Senado

Instalan comisión especial para investigar títulos falsos y senadora pide llegar al fondo del esquema

El organismo transitorio quedó presidido por el senador Patrick Kemper, con Esperanza Martínez en la vicepresidencia y Dionisio Amarilla en la secretaría. La legisladora sostuvo que la investigación debe centrarse en las instituciones que habrían emitido certificados sin respaldo académico real.
Esperanza Martinez, senadora. Gentileza.

Durante la instalación de la Comisión Especial de Investigación sobre títulos falsos o irregulares, la senadora Esperanza Martínez (Partido Participación Ciudadana), proyectista de la iniciativa y designada vicepresidenta de la comisión, afirmó que los resultados dependerán de dos factores clave: la voluntad política real de los parlamentarios para investigar y una metodología seria, ordenada y respaldada técnicamente.

Martínez sostuvo que la comisión no debe convertirse en un espacio de simulación ni en una instancia meramente formal. 

Asimismo, la legisladora señaló que la investigación no debe limitarse a revisar casos individuales de manera aislada, sino que debe apuntar al origen del problema: las instituciones educativas que habrían emitido títulos, diplomas y certificaciones sin respaldo académico real.

En ese sentido, propuso iniciar las tareas de intervención con el caso de la Universidad Sudamericana, institución de la cual egresaron personas que hoy ocupan altos cargos públicos. 

La parlamentaria calificó el caso como una "estafa social" y detalló que, según los datos preliminares, dicha entidad llegó a emitir 2.550 títulos en solo tres años, a lo largo de 20 carreras, concentrando unas 400 altas solo en el área de Derecho.

La senadora planteó un trabajo coordinado y directo con la Agencia Nacional de Evaluación y Acreditación de la Educación Superior (ANEAES) para auditar a fondo los proyectos académicos reales. Señaló que la comisión deberá exigir y revisar las mallas curriculares, la existencia real de las carreras, las sedes y quiénes ejercían como directores.

"Una facultad no puede ser una carpeta archivadora con 50 hojas. Tiene que haber carrera real, docentes reales, formación real y control real", remarcó.
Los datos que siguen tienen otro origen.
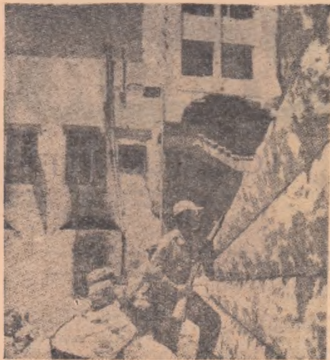
Iată cum arată locuința din Beirut a lui Sami Solh, premierul prooccidental al Libanului, după ce a fost dinamitată de răsculați.

— Și criza economică, moș Vișane, dar și presiunea mare a celorlalte țări din occident care s-au săturat să tot fie stăpînite de „unchiul Sam”. Imperialiștii nu se pot pune multă vreme împotriva cerințelor vieții. Încă în primii ani ai puterii sovietice, V. I. Lenin, vorbind despre reluarea relațiilor economice ale Uniunii Sovietice cu statele capitaliste, a spus că „există o forță mai mare decît dorința, voința sau hotărîrile oricărui dintre statele sau clasele dușmănoase și aceasta este forța relațiilor economice mondiale, care le silește să păsească pe calea legăturilor cu noi”. Această forță, moș Vișane, crește neconștient.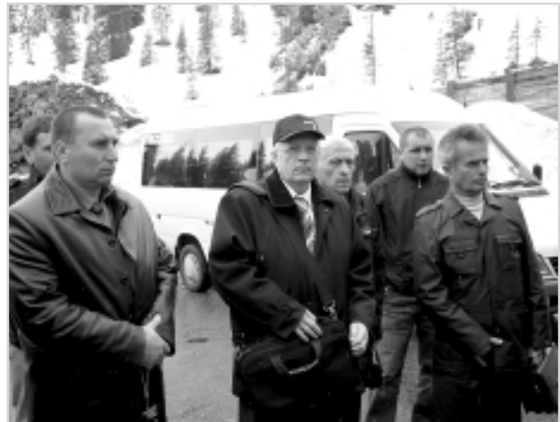
Члени української делегації у місті Лех

З 1999 р. в місті працює підприємство «Біомаса – близьке теплопостачання». Під час його створення світові ціни на нафту були значно нижчими за сьогоднішні й становили $12 за барель. А ціна на газ, як відомо, безпосередньо залежить від ціни на нафту. Та-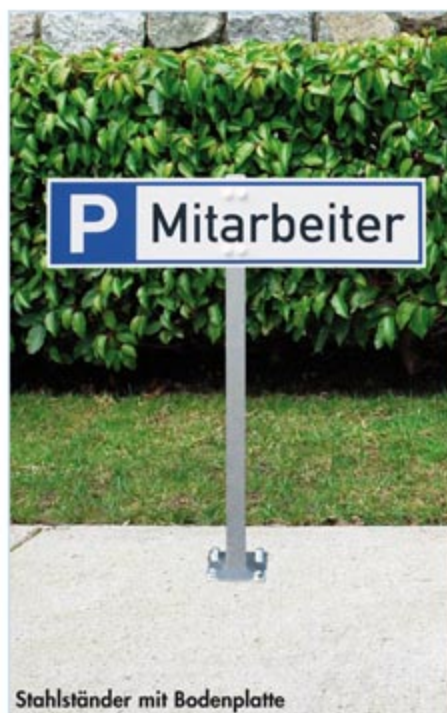
Stahlständer mit Bodenplatte

Stahlständer und Stahlspieß für Parkplatzreservierer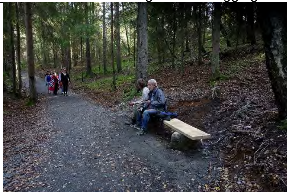
Plassering avstikker #2.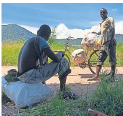
Vieles ist Handarbeit. So auch der lokale Maistransport.

Die Infrastruktur der Schule, welche direkt am südlichen Ende des Malawisee steht, wurde in den vergangenen Jahren ständig optimiert. Neben zusätzlichen Klassenzimmern und der Anschaffung von Schulbänken wurde im Frühling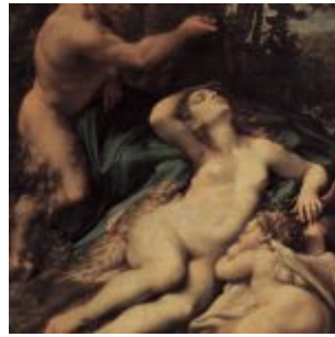
Корреджо. Юпитер и Антиопа. Зевс соблазнил её в облике сатира. Забеременев от Зевса, бежала из Фив в Сикион, где стала женой Эпопея.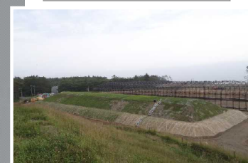
覆土式一時保管施設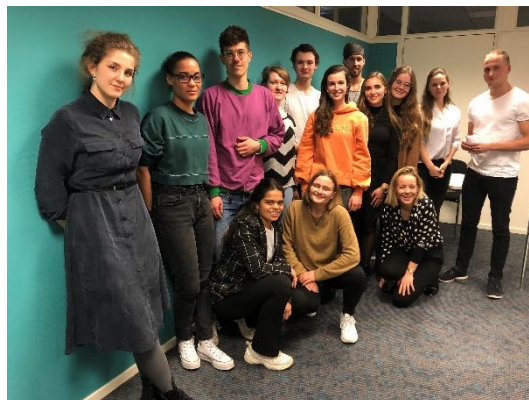
De eerste groep vrijwilligers in Rotterdam

Woensdag 14 oktober 2020 heeft @ease Rotterdam haar deuren geopend met 8 actieve vrijwilligers en een viertal professional-vrijwilligers. Op deze locatie hebben we (nog) geen betaalde medewerkers. In Rotterdam is @ease opgezet via een samenwerking met het Centrum voor Jeugd en Gezin (CJG) Rijnmond . De huidige locatie, waarbij we inhuizen bij het CJG in de Centrale Bibliotheek Rotterdam (Hoogstraat 10) is geschikt om jongeren op een laagdrempelige en anonieme manier te kunnen ontvangen. Wekelijks is de locatie geopend op de woensdag van 15.30 tot 19.30 uur.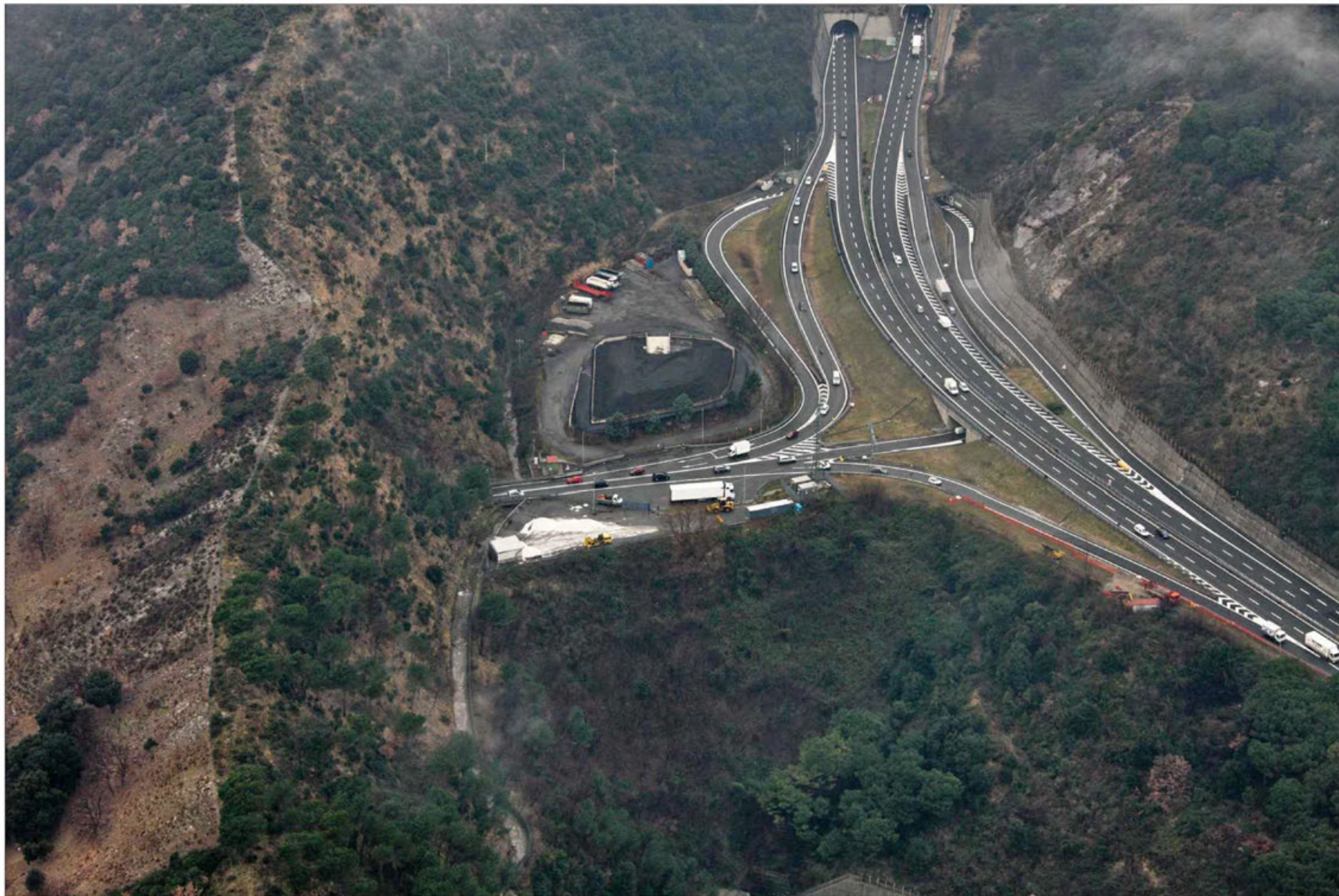
Gallerie Monte Sperone imbocco lato sud - Campursone imbocco lato nord Stato di fatto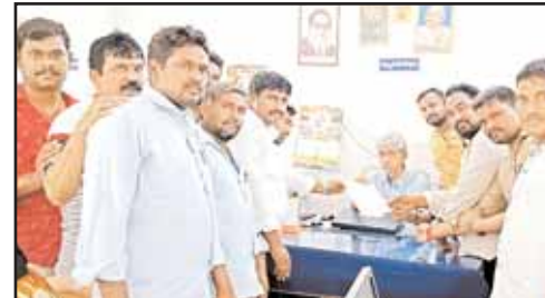
మా ఇబ్బందిని గుర్తించమని ప్రతిరోజు ఎమ్మార్వో ఆఫీస్ చుట్టూ ప్రదర్శనలు చేస్తున్న మా మీద చిన్న చూపు చూస్తూ కాలయాపన చేస్తున్నారు. ఇప్పటికైనా మాకు తగిన న్యాయం చేసి మాకు రావాల్సిన పైకెక్కు కలెక్టర్ ఆర్డర్ ప్రకారం షిఫ్ట్ వారి విధులు నిర్వహించిన వీడియో గ్రాఫర్లకు 2100 రూపాయలు, రోజు వారి విధులు నిర్వహించిన వీడియో గ్రాఫర్లకు 3000 రూపాయలు చొప్పున చెల్లించాలని డిమాండ్ తాసిల్దార్ కి వినతి పత్రం సమర్పించడం చేశాము. వారు తగిన న్యాయం చేస్తామని చెప్పారు.

గిద్దలూరు, మేజర్ న్యూస్: నియోజకవర్గం 2024 అసెంబ్లీ ఎన్నికల విధులకు వీడియో చిత్రీకరణచేయడానికి మమ్ములను పిలిచి విధులు నిర్వహించవలసిందిగా కోరారు. గత 56 రోజులు మేము కష్టపడి వీడియో చిత్రీకరణ నిర్వహించడం జరిగింది. దీనికి సంబంధించిన వేతనం మాకు చెల్లించమని కోరగా జాప్యం చేయడంతో పాటు మాకు సాధారణ కాల వేతనం 2100 ఇస్తామని కలెక్టర్ ఆదేశాలు ఉన్నాయి. కానీ ఇక్కడ ఆఫీసు వాళ్ళు మూడు షిఫ్ట్ ప్రకారం మీకు ఇస్తామని చెప్పారని రోజుకు 1000 రూపాయలు లాగా పెంచామని చెప్పారు. మేము ఉద్యోగస్తులం కాదు మాకు ఈ వృత్తి మీదే జీవనాధారంగా ఎంచుకొని ఉన్నాము. ఎన్నికల విధుల్లో మాకు ట్రావెలింగ్ ఖర్చులు, భోజన ఖర్చులు మా సొంత డబ్బులు వెచ్చించి సీజన్లో పెళ్లి ప్రోగ్రాములు కూడా వదులుకొని ఎలక్షన్ కార్యక్రమంలో పాల్గొని ఎక్కడ ఏ విఘటనలు జరగకుండా చూసే పనిని మాకు అప్పగించారు 56 రోజులు మేము చేసిన పనికి వేతనమూర్తకు ఇవ్వమని అడగక ఇంకా రాలేదని రోజు అలానే చెప్పుకుంటూ కాలం వెళ్ళుచున్నాం. ఎన్నికలు కూడా అయిపోయాయి ఇప్పటికైనా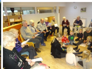
Besøg af børnehave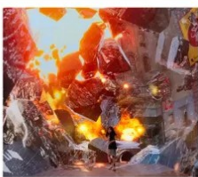
SPACE & TIME CUBE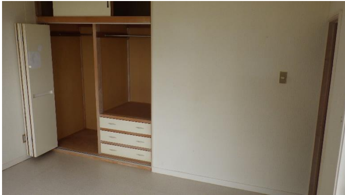
洋 室 (2階)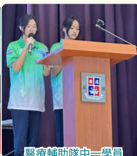
醫療輔助隊中一學員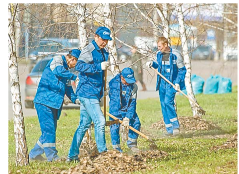
За несколько часов собраны десятки тонн сухой листвы и мусора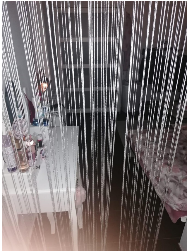
Anbau zum SZ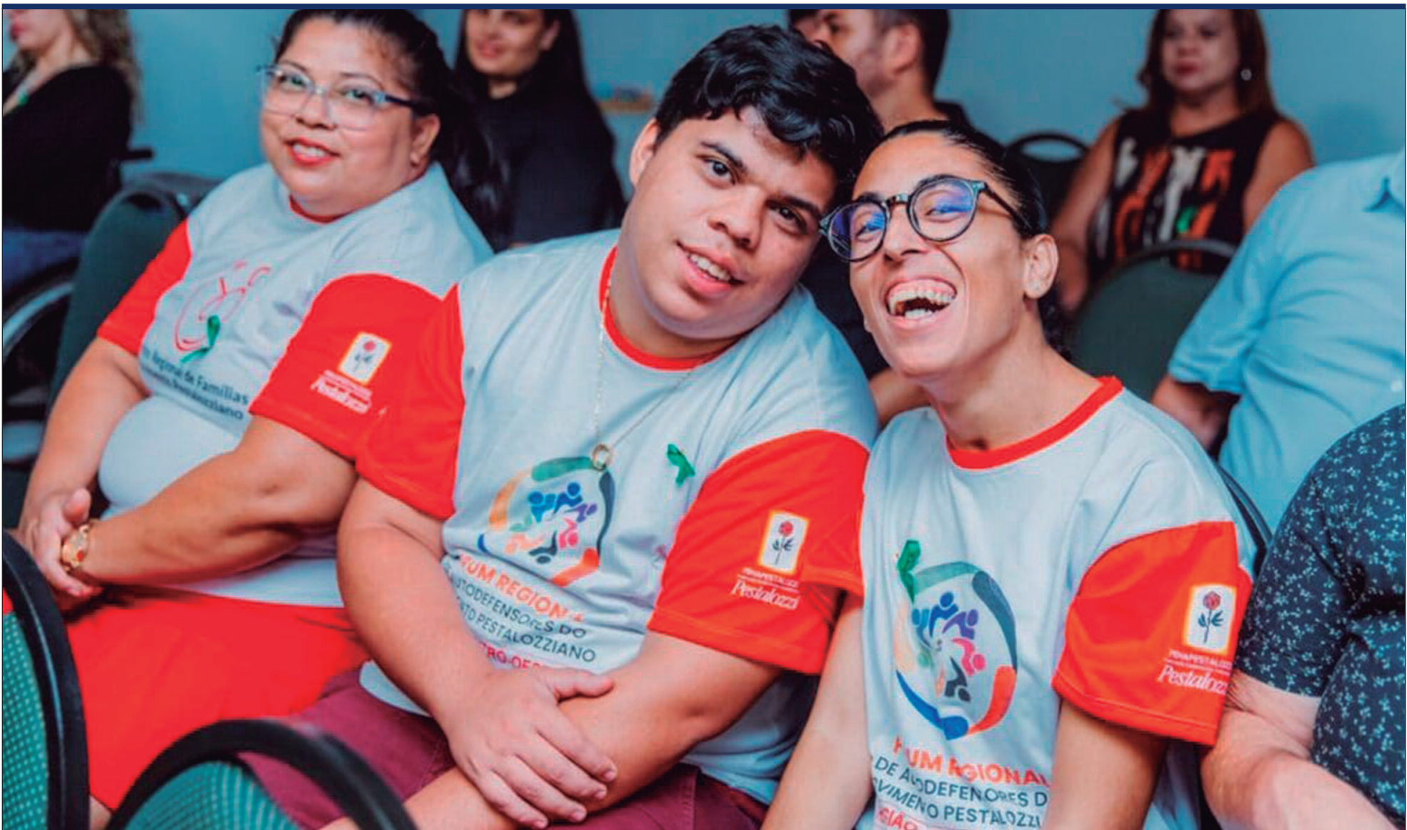
O Estado alcançou, em 2023, a menor taxa de extrema pobreza de sua história: apenas 0,8% da população vive com renda inferior a R$ 110 mensais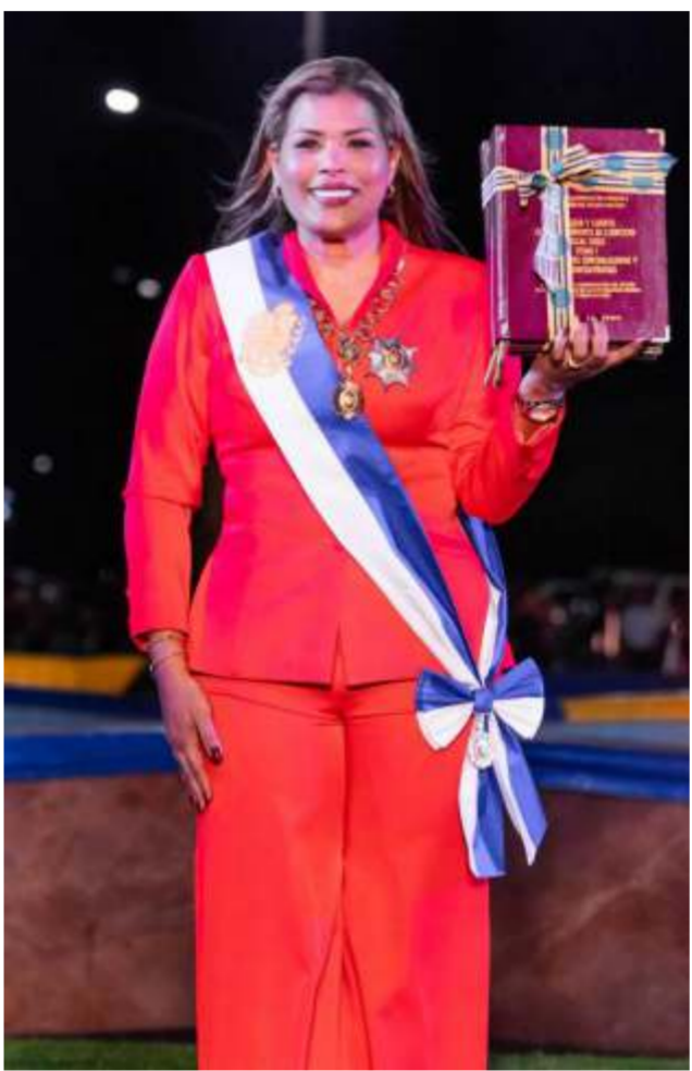
Gobernadora Yulisbeth García presentó Memoria y Cuenta de Gestión Por Amor a Bolívar 2025

Varias protestas se han producido en menos de una semana en distintos sectores de Guasipati; los vecinos denuncian quema de electrodomésticos y horas sin servicio eléctrico. Habitantes de diferentes comunidades del municipio Roscio manifestaron de manera pacífica por los cortes eléctricos que ocurren a diferentes horas del día por espacio de varias horas. Igualmente, denuncian las fluctuaciones eléctricas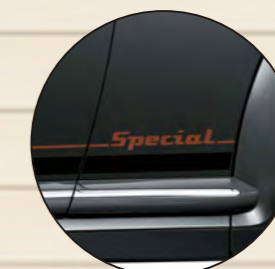
文字: ブラウン アンダーライン: ブラック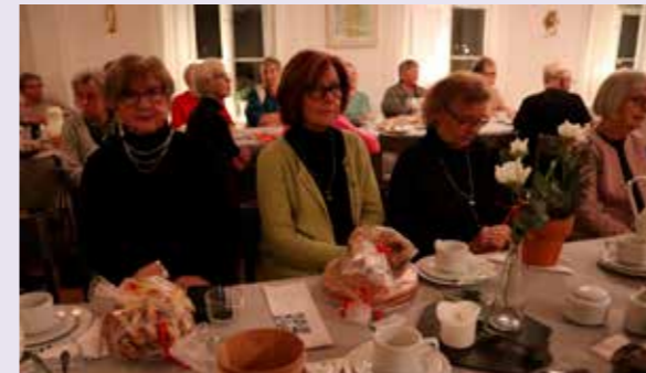
Välbesökt syföreningsauktion, där behållningen blev 22 287.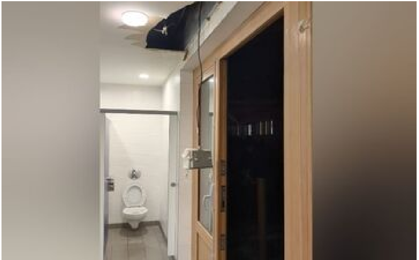
Plafond qui s'effondre, moisissures... à peine ouvert, le collège de Villeneuve-le-Roi fait face aux malfaçons P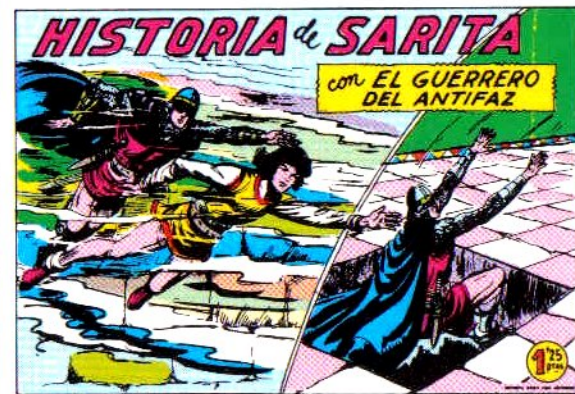
PORTADA DEL NUMERO 303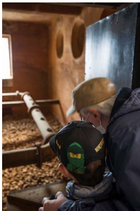
Tur ghidat Uzina de Apă.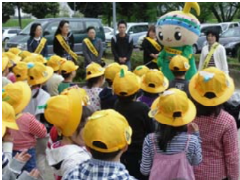
【「はひふへほ」で交通事故防止】

5月11日(金)1,2年生の交通安全教室を行いました。登校・下校時を中心とした一般道路の歩き方・安全確認の仕方について、学習しました。永盛交通安全母の会の方々にご指導をいただき、学習を進めることができました。学校から日の出橋を渡り、信号機のある横断歩道を2回横断し、再び学校へ戻るコースで行いました。学年ごとにグループで時間差を付け、歩きました。要所に7名の母の会の方々が付き、実地指導を行いました。「がくとくん」も駆けつけ、交通安全を呼びかけてくれました。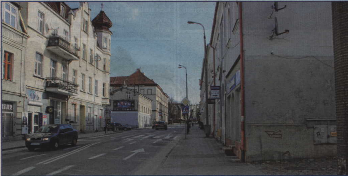
Ulicę Braterstwa Narodów czeka modernizacja. Przy ulicy pojawi się więcej zieleni.

Planowana jest modernizacja ulicy Braterstwa Narodów. Gotowa jest koncepcja przebudowy. Przy ulicy ma się pojawić zieleń, której obecnie brakuje.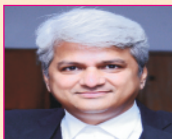
Honarary Secretary, Delhi High Court Bar Association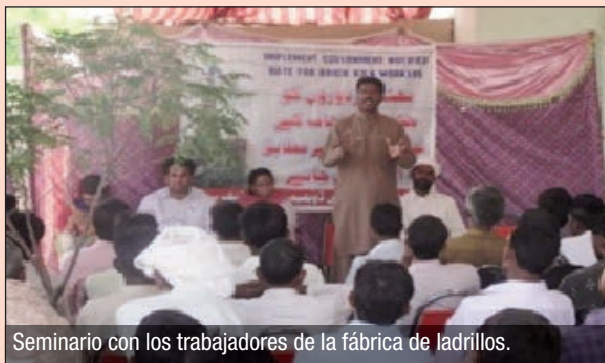
Seminario con los trabajadores de la fábrica de ladrillos.

de la seguridad social y la sindicalización.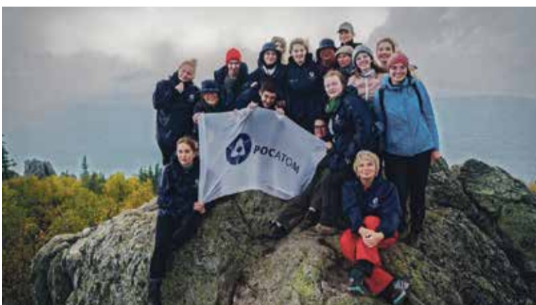
■ Команда единомышленников ИАТЭ НИЯУ МИФИ во время экспедиции

По результатам экспедиции собрана коллекция минералов с описанием их свойств, связанных со структурой атомов.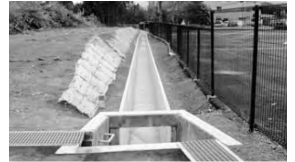
下北迫地区排水路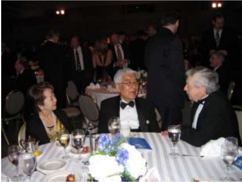
Fig 7 SSPI Gala- 2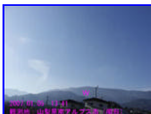
2 13:41 西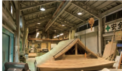
「金沢職人大学校」(下)では伝統文化を支える新たな職人を育成してきた。左は「金沢職人大学校」の内部。ほかにも「金沢卯辰山工芸工房」「金沢美術工芸大学」と、伝統工芸の道を目指す次世代が学ぶための場が多く設けられているのも金沢の特徴だ。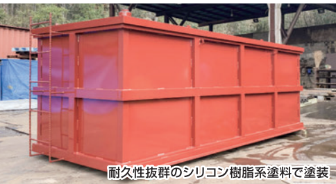
耐久性抜群のシリコン樹脂系塗料で塗装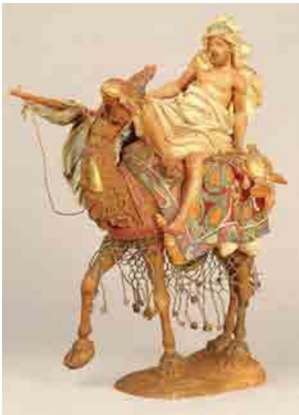
Servent a camell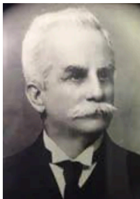
Figura 5. Dr. Arturo Ayala († 1922).

Para el cierre del mes de septiembre en el número 18 de la Gaceta Médica de Caracas, se reseña un homenaje póstumo al Dr. Arturo Ayala (Figura 5), fallecido el día 11 del mes de la publicación. Lo describen como un médico de aquilatada trayectoria, de gran precisión

Sostuvo, además, que desmantelar la estructura burocrática de las universidades fachada permitirá identificar a los responsables civiles y políticos detrás de este esquema. 

Aclaró que empezar por las instituciones que ya cuentan con amplias y conocidas falencias institucionales es la vía más rápida para blindar la investigación de presiones externas y corporativas.

Martínez aseguró que el objetivo de la comisión transitoria no es mediatizar casos particulares sin sustento, sino presentar datos rigurosos e irrefutables que permitan llegar hasta el fondo del esquema.